• [Given data]:
=====

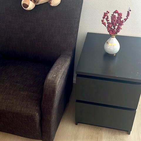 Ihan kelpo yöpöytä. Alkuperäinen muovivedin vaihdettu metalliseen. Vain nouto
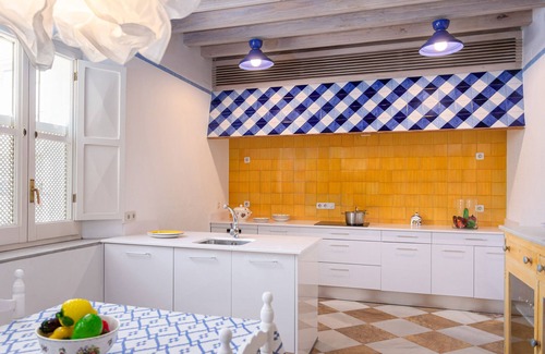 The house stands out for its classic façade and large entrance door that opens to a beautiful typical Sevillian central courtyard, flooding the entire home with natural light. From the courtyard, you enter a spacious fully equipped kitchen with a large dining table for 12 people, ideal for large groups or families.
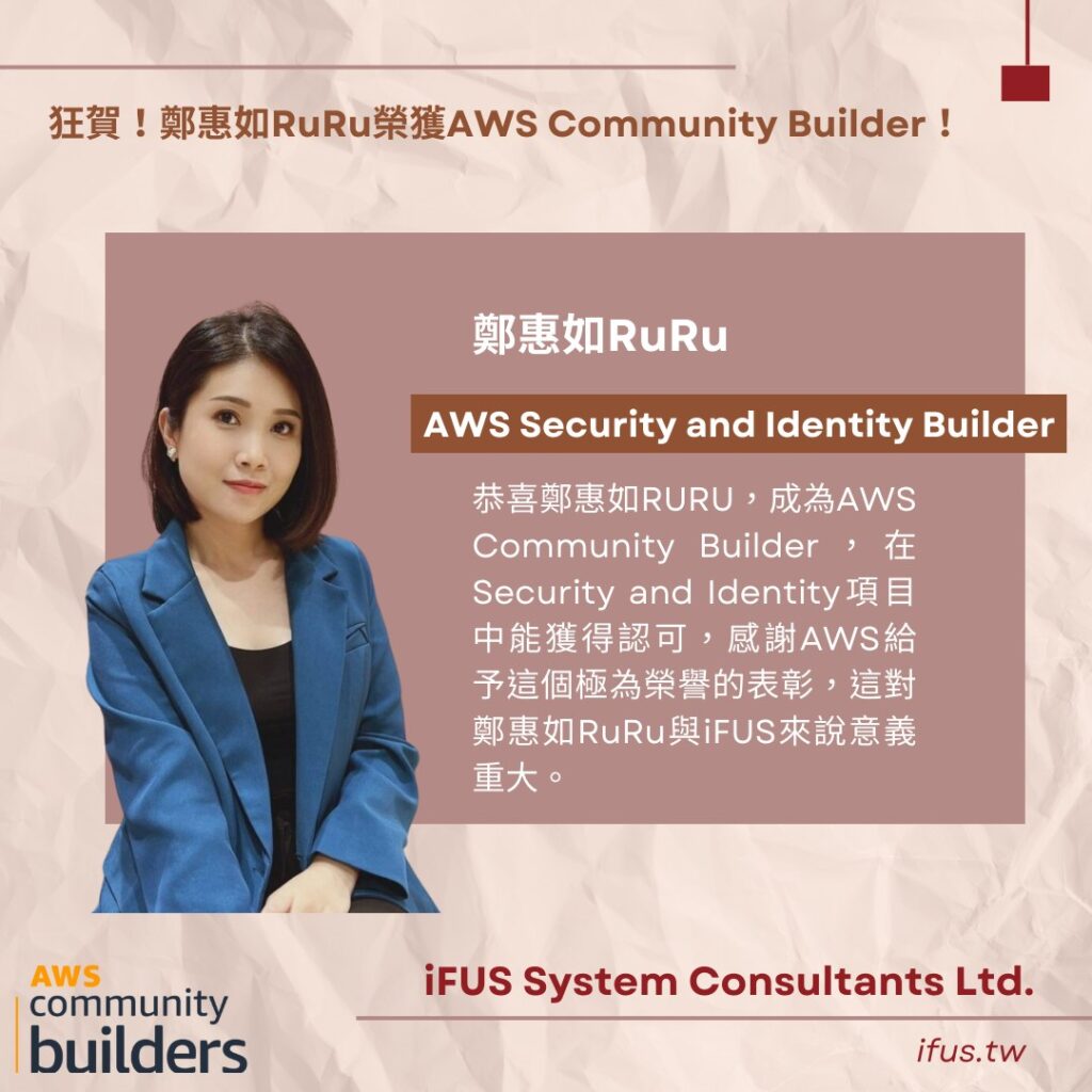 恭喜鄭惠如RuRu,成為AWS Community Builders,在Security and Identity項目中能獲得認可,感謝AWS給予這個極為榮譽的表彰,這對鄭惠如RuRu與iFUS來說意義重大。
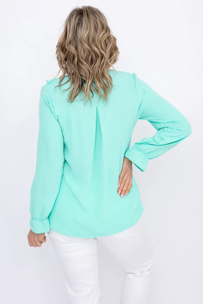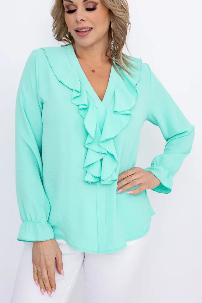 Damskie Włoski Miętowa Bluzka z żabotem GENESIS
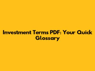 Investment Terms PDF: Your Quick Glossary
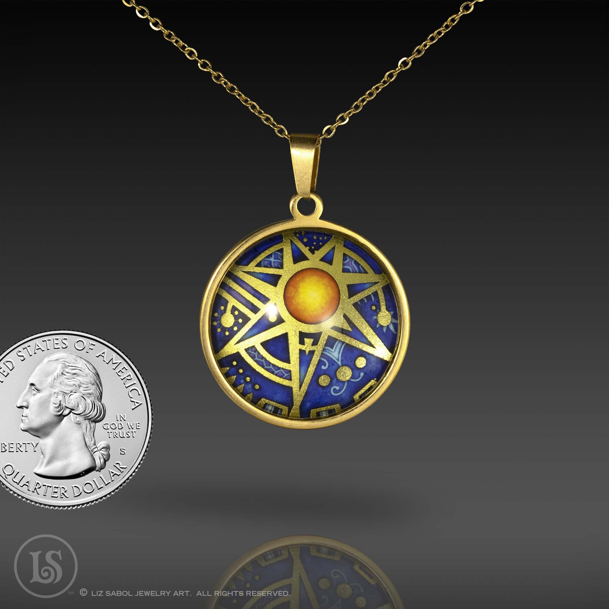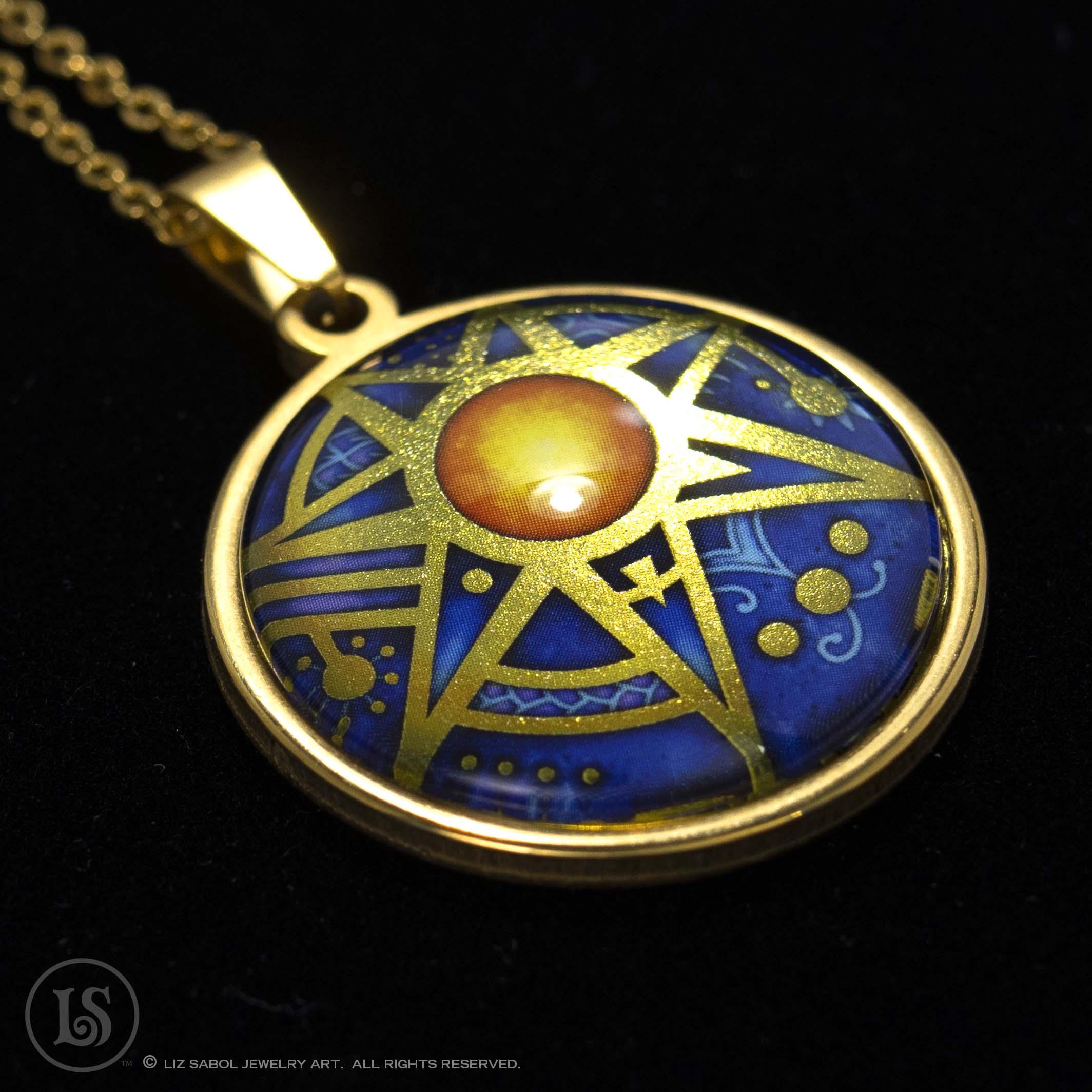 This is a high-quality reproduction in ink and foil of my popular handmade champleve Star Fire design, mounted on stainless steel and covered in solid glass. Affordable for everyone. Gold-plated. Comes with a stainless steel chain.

=====

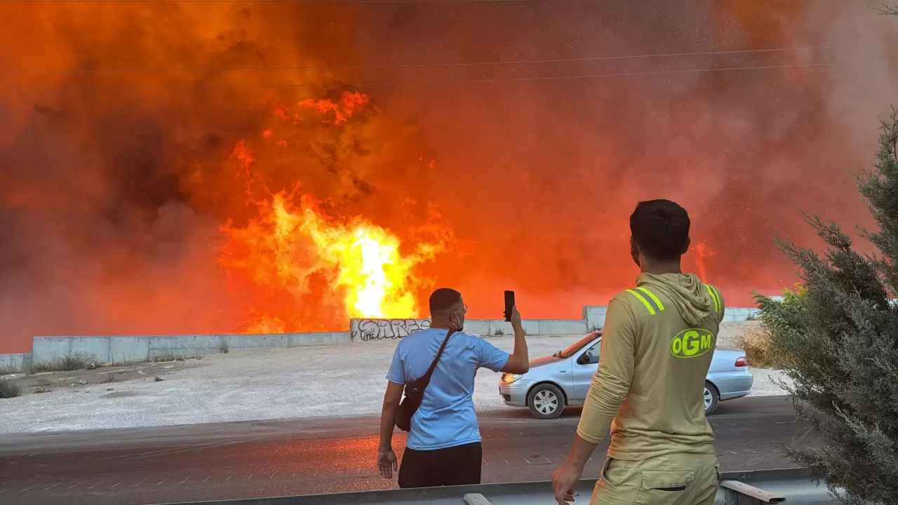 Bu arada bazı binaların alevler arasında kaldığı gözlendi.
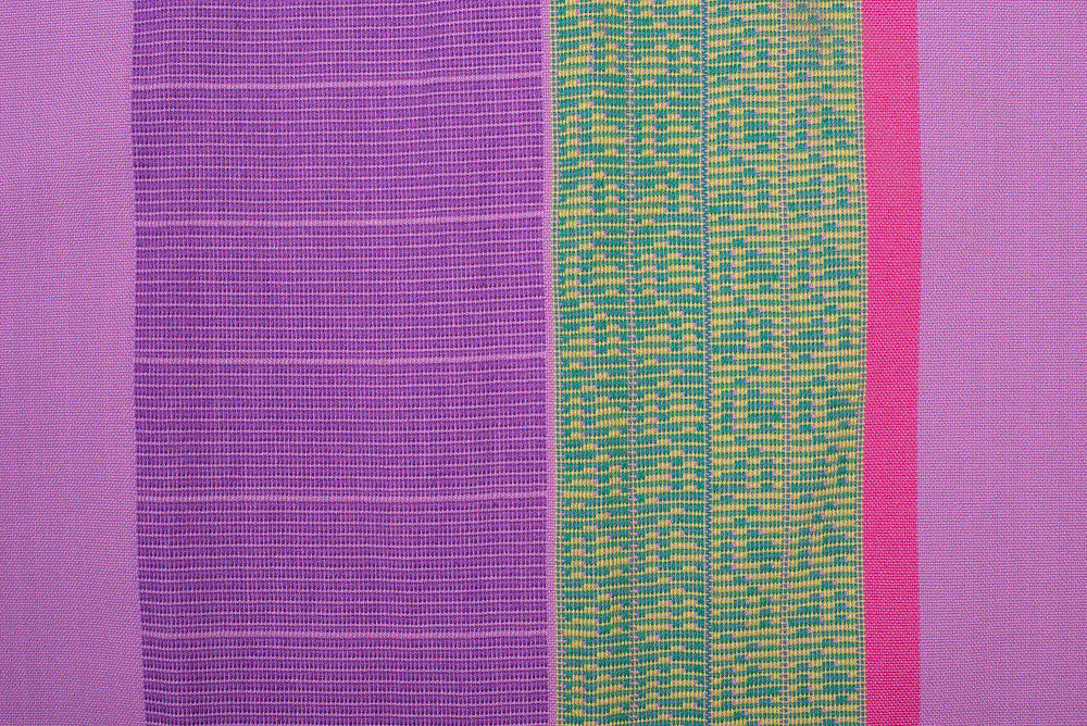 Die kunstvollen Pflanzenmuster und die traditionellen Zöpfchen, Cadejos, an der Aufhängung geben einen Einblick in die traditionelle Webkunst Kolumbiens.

=====

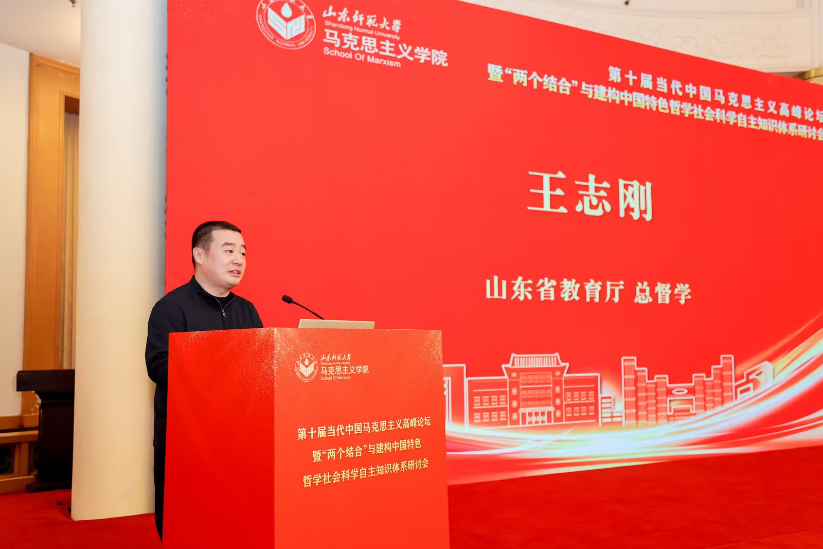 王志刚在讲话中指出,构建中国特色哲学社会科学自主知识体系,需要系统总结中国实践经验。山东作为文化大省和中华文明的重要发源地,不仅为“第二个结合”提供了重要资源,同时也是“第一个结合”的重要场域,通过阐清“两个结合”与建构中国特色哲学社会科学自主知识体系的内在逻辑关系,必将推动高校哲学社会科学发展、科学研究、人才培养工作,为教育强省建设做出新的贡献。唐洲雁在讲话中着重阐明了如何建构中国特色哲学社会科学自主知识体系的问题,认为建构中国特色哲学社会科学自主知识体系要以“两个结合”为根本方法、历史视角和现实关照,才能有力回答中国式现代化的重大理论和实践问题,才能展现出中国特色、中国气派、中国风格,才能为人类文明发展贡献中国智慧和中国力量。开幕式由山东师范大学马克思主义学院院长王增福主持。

=====

• [Task details]:
Reproduce exactly, with no pictures, the lines above from the one holding "Ihan kelpo yöpöytä." to the one holding "Investment Terms PDF: Your Quick Glossary", inclusive.

• [Solution to this exercise]:
 Ihan kelpo yöpöytä. Alkuperäinen muovivedin vaihdettu metalliseen. Vain nouto
 The house stands out for its classic façade and large entrance door that opens to a beautiful typical Sevillian central courtyard, flooding the entire home with natural light. From the courtyard, you enter a spacious fully equipped kitchen with a large dining table for 12 people, ideal for large groups or families.
 恭喜鄭惠如RuRu,成為AWS Community Builders,在Security and Identity項目中能獲得認可,感謝AWS給予這個極為榮譽的表彰,這對鄭惠如RuRu與iFUS來說意義重大。
 Damskie Włoski Miętowa Bluzka z żabotem GENESIS
 Investment Terms PDF: Your Quick Glossary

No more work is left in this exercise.